Joy menaikkan satu alisnya. "Dia? Bima?"

"Ya."

Kalo dipikir-pikir bukannya niat awalnya menemui Bima ya. Tadi setelah ia dan Evan sampai di rumah sakit, Evan memberitahunya akan menunggu di cafe rumah sakit.

Dan ia sebenarnya ingin langsung menemui Bima, namun saat di koridor ia kepikiran mau mampir sebentar melihat kondisi Jonathan. Mengingat dirinya dan anak itu dulu sangat dekat.

"Um.. gue baru mau ketemu dia.

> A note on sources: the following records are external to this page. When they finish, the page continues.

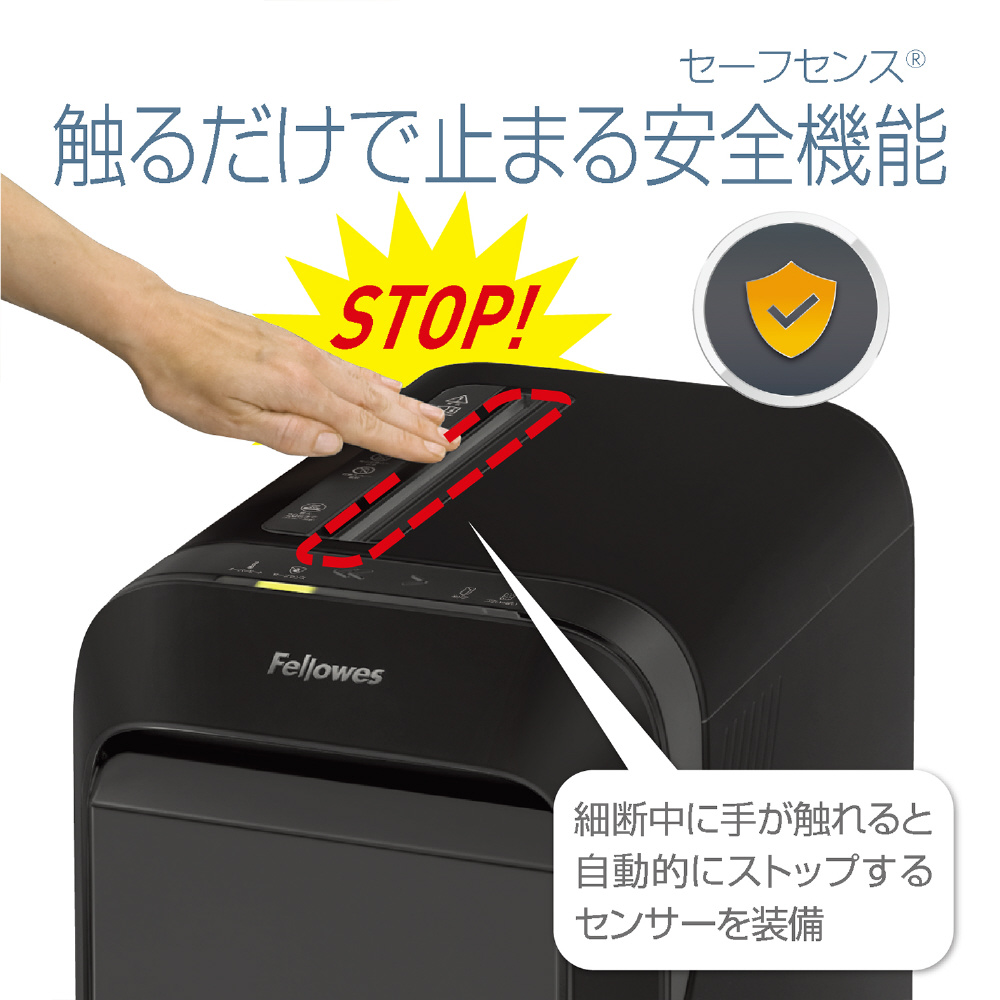 投入された紙の量を感知するセンサーを装備。枚数が多すぎると細断をスタートせず、細断中の紙厚の変化にも即座に対応。過投入しても書類を噛み込まないので容易に取り除くことができ、ギアやモーターへの負担が低減します。
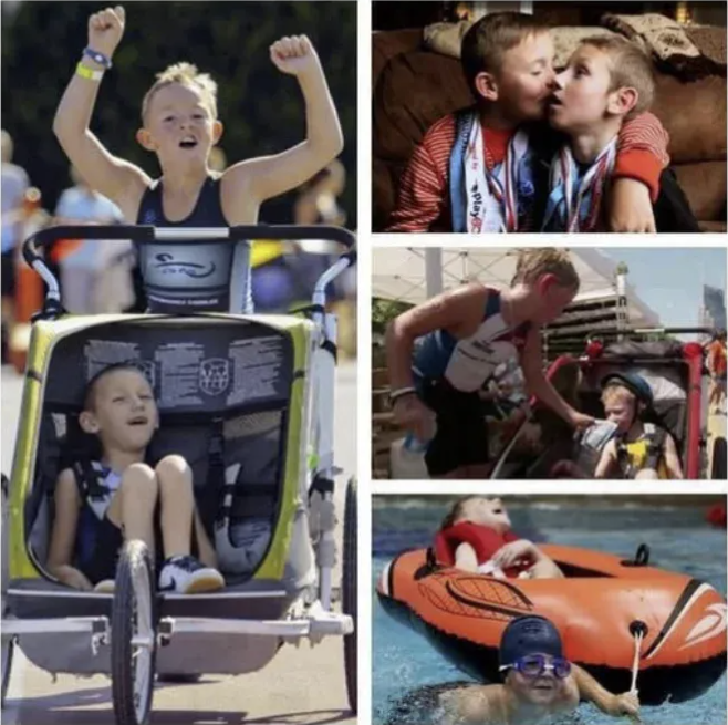 The photos show them together in various stages of races and activities. Connor pushing Cayden in specialized equipment. Cayden’s face lit up with joy. The two of them celebrating finishes, swimming together, experiencing activities that would be impossible for Cayden alone but become possible through Connor’s determination.
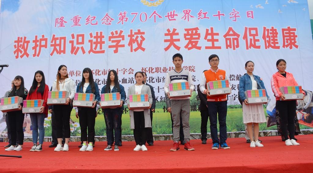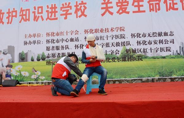 5月8日上午10点,“救护知识进学校、关爱生命促健康”大型主题活动在学院校门广场隆重举行。怀化市政府副秘书长杨世木、市红十字会常务副会长欧家好、我院党委书记胡佳武、院长王聪田等领导出席活动,来自商贸管理系和机械与汽车工程系的近千名学生参加了本次活动。活动由市红十字会和我院联合主办,市中心血站、市红十字医院等十家单位协办。
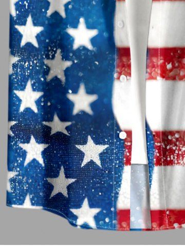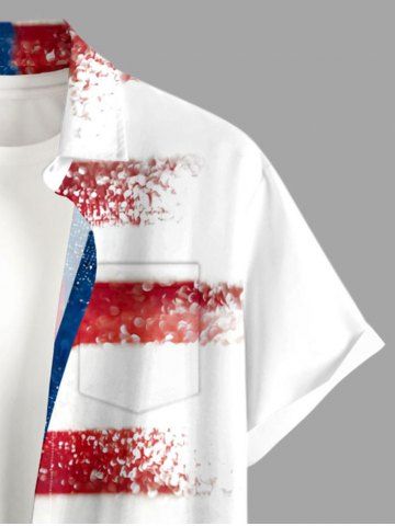 Patriotic Men > Plus Size Patriotic American Flag Print Buttons Pocket Shirt For Men
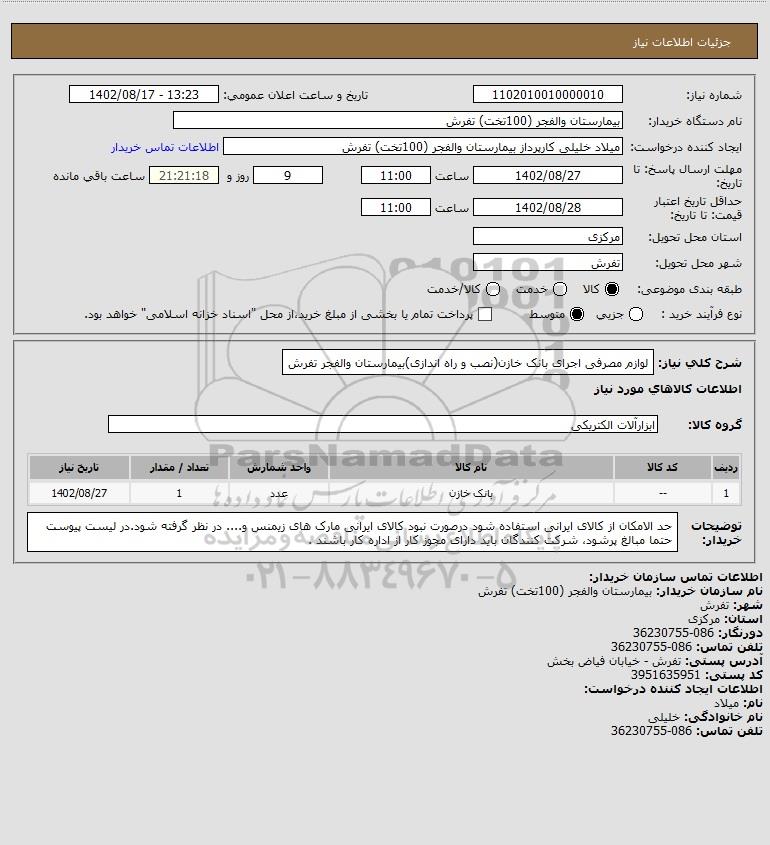 استعلام لوازم مصرفی اجرای بانک خازن(نصب و راه اندازی)بیمارستان والفجر تفرش, استعلام لوازم مصرفی اجرای بانک خازن(نصب و راه اندازی)بیمارستان والفجر تفرش

Ya udah kalo gitu gue cabut." Joy melangkah menuju pintu, lalu tiba-tiba berhenti kemudian berbalik badan.

"Jojo nggak bakal seneng pas bangun ngeliat penampilan lo sekarang,"

"Pulang Jas, mandi terus istirahat. Jangan kayak gembel gini." Lanjut Joy berbicara lalu langsung beranjak dari ruangan itu meninggalkan kakak beradik itu dalam hening.

Jason menatap Jonathan dengan mata lelahnya lalu tersenyum kecil, nih anak nafas aja harus dibantuin alat. Jika ia tidak sedikit saja berharap, mungkin Jonathan sekarang sudah tak ada lagi di dunia ini dan benar-benar meninggalkannya seorang diri.

Jason mengangkat tangan kirinnya memijit pelipisnya yang tiba-tiba terasa pening.